# Exercise
Write the lines out again, from the top of the material to the line containing "Bungee jumping is an", pictures excluded.

Records shown START

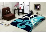 Luksusowy koc akrylowy 160x220 z fantazyjnym wzorem Powój 266 w ciekawej granatowo turkusowej kolorystyce podkreśli oryginalność każdej sypialni.
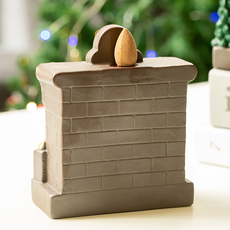 Christmas Fireplace Incense Backflow Burner with LED Lighting Incense Stick Hole
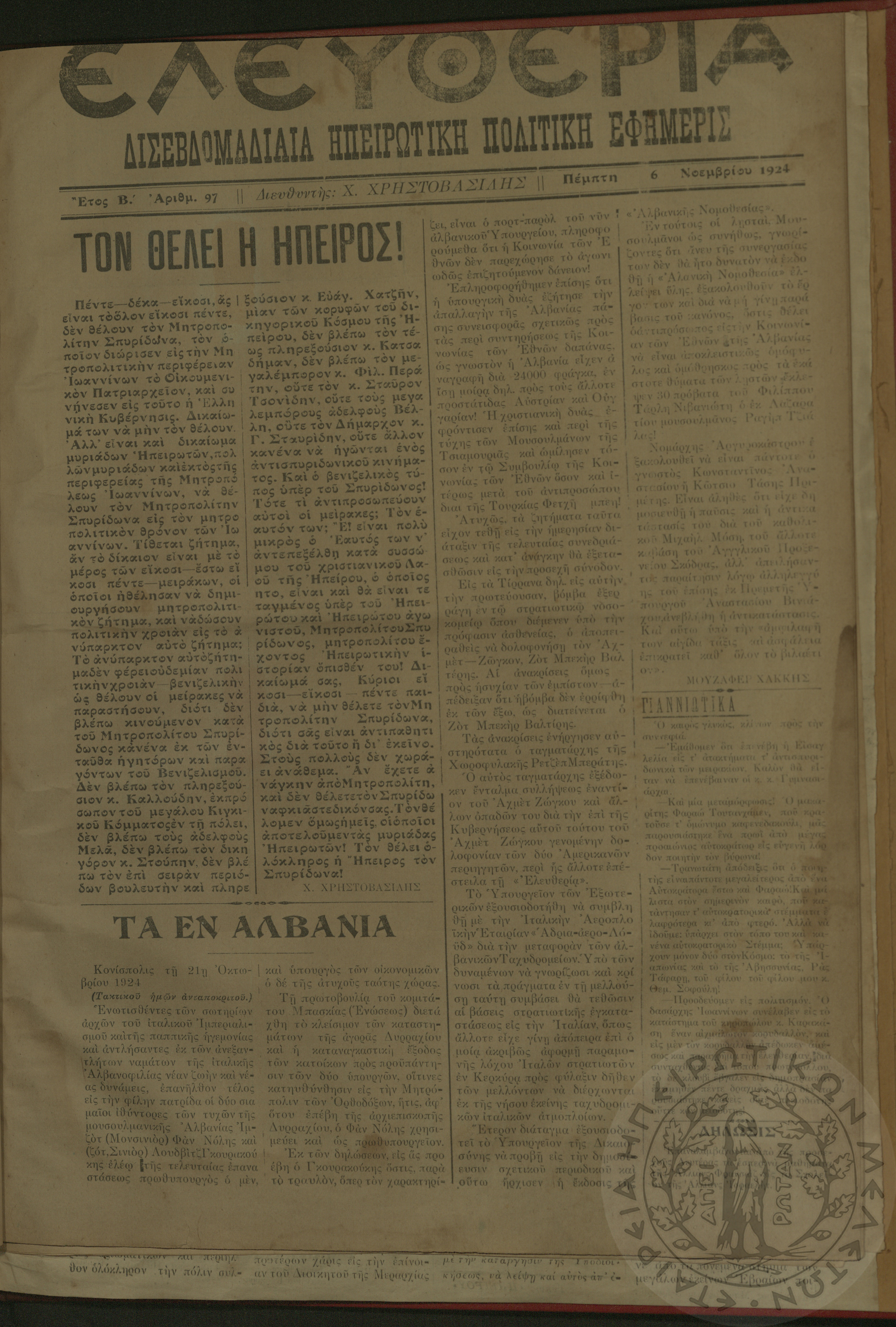 Ελευθερία: δισεβδομαδιαία Ηπειρωτική πολιτική εφημερίς, 1924, φ. 97
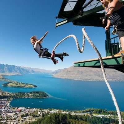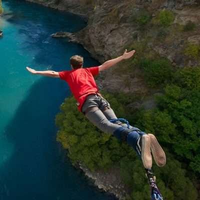 Bungee jumping is an adventure sport that involves jumping from a tall structure, such as a bridge or a platform, while attached to a long elastic cord. The jumper typically wears a full body harness, which is connected to the bungee cord, and jumps off the platform or bridge, free-falling until the cord reaches its maximum stretch and begins to pull the jumper back up. Bungee jumping is a high-adrenaline activity that requires courage, physical fitness, and mental preparation. It is typically done as a recreational activity, although it can also be used for stunts, film-making, and other professional purposes. Bungee jumping is known for its thrilling sensation of weightlessness and free-fall, as well as the scenic views from the jumping location. It is considered a high-risk activity and should only be undertaken with proper training, equipment, and safety precautions in place.
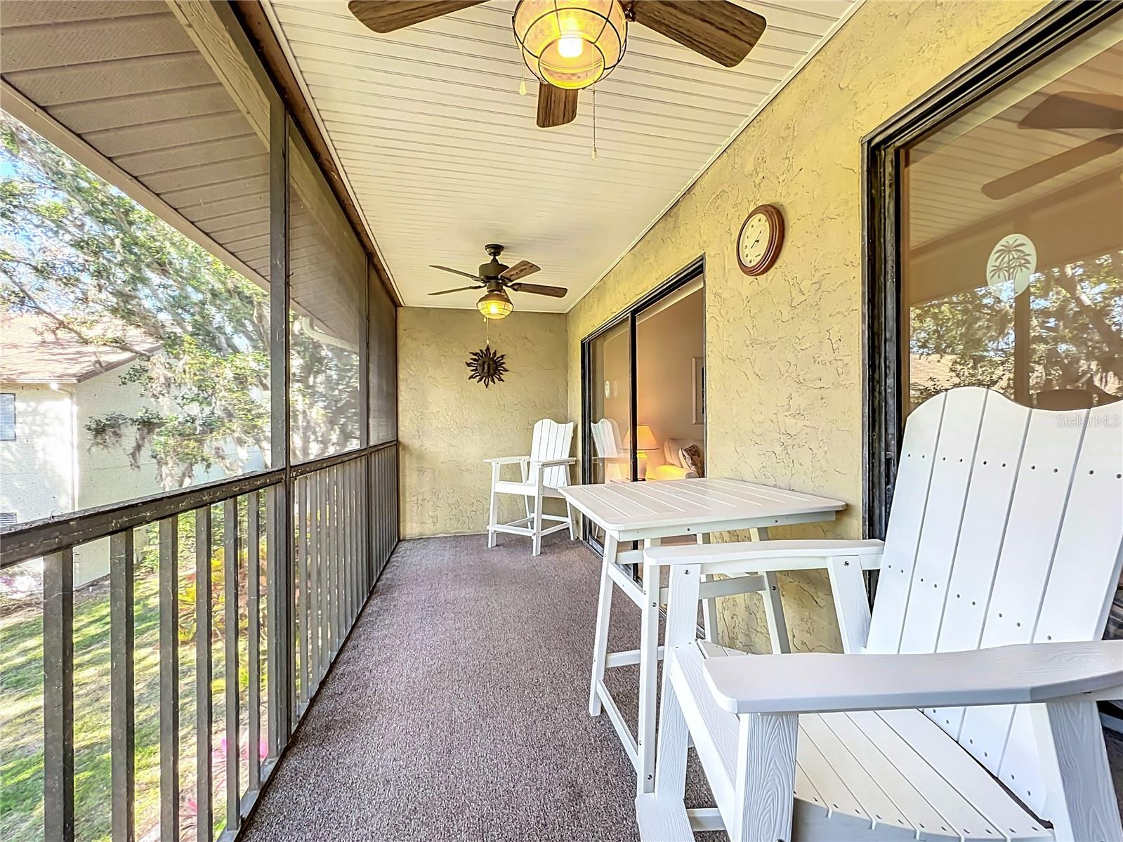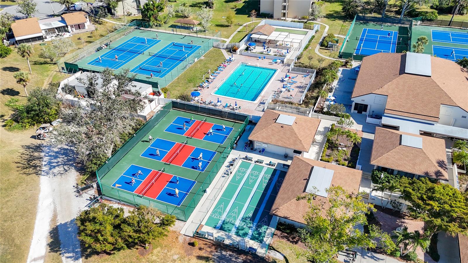 PHASE 5 BIRD BAY VILLAGE This second floor well maintained 2 bedroom 2 bath with its HIGH VAULTED CEILING creates a bright and inviting space. Unlike many units, this guest bedroom has no accordion curtain divider or french doors! You will be captivated by the incredible colors in the western sky at sunset from the 2 SCREENED LANAI'S Looking through the tree tops you have views of 2 peaceful ponds which makes this unit stand out from the rest. The main lanai spans the entire length of the living room and the guest room both with sliding doors that expands your living space. Plus your Primary bedroom has sliding doors to your own private lanai. NEW ROOF 2024. Bird Bay Village is a resort-style community with pools, tennis and pickle ball courts, fitness center, library, clubhouse and shuffleboard. There are plenty of planned activities for you to join in. Bird Bay Village has beautiful tree lined streets where you can enjoy biking and walking throughout the community. You can also explore the LEGACY TRAIL & The VENETIAN WATERWAY PARK which gives you miles of paved trails with access right at our entrance. BIRD BAY PHASE 5 HAS THE LOWEST HOA FEES in the community. The popular Island of Venice is only a few minutes away where you can enjoy quaint shops, great restaurants, entertainment, a pubic library, The Venice Performing Arts Center, our beautiful Venice public beach and a Farmers Market every Saturday to name a few. See, you can have it all.
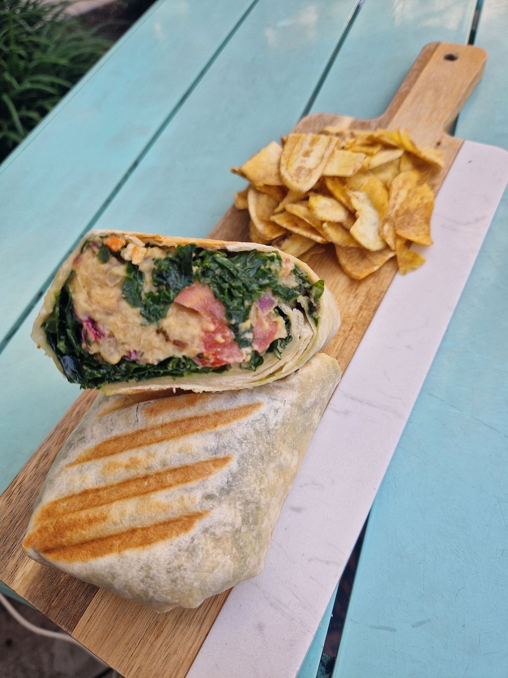 I had toonah wrap, it had a really food texture and flavour! Really food imitation of tuna. Sat outside in the shade, great staff also!
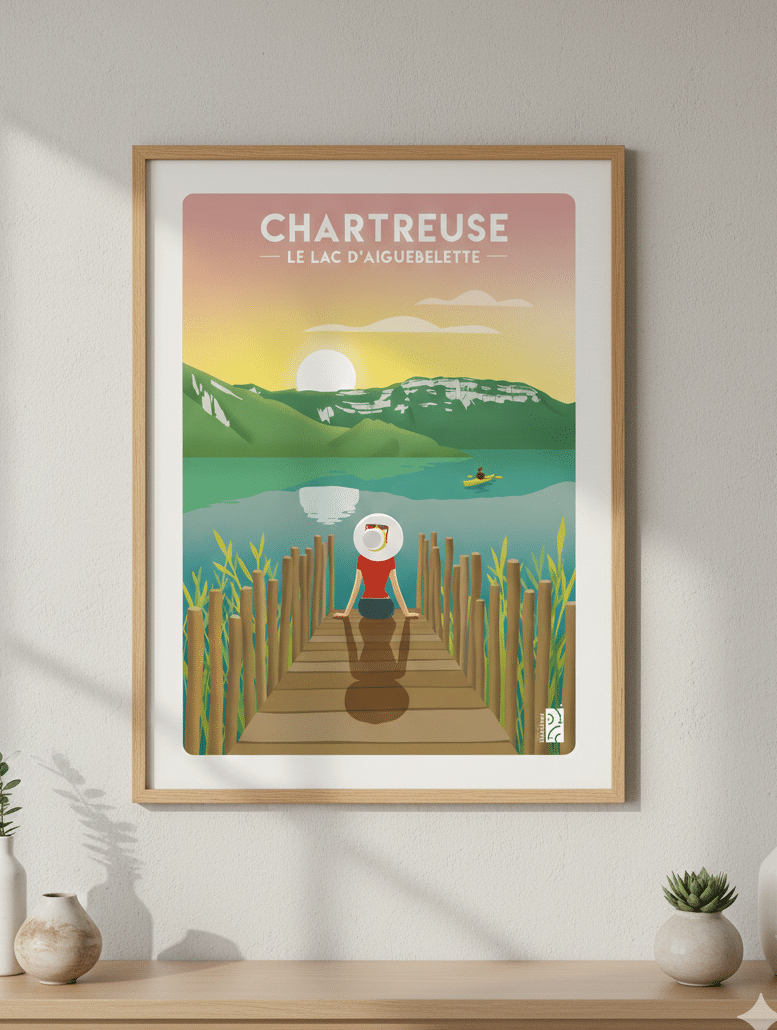 Plongez dans la sérénité du lac d’Aiguebelette avec cette carte décorative illustrée par Audrey, artiste de Voiron.

Records shown END

# Exercise answer
 Luksusowy koc akrylowy 160x220 z fantazyjnym wzorem Powój 266 w ciekawej granatowo turkusowej kolorystyce podkreśli oryginalność każdej sypialni.
 Christmas Fireplace Incense Backflow Burner with LED Lighting Incense Stick Hole
 Ελευθερία: δισεβδομαδιαία Ηπειρωτική πολιτική εφημερίς, 1924, φ. 97
 Bungee jumping is an adventure sport that involves jumping from a tall structure, such as a bridge or a platform, while attached to a long elastic cord. The jumper typically wears a full body harness, which is connected to the bungee cord, and jumps off the platform or bridge, free-falling until the cord reaches its maximum stretch and begins to pull the jumper back up. Bungee jumping is a high-adrenaline activity that requires courage, physical fitness, and mental preparation. It is typically done as a recreational activity, although it can also be used for stunts, film-making, and other professional purposes. Bungee jumping is known for its thrilling sensation of weightlessness and free-fall, as well as the scenic views from the jumping location. It is considered a high-risk activity and should only be undertaken with proper training, equipment, and safety precautions in place.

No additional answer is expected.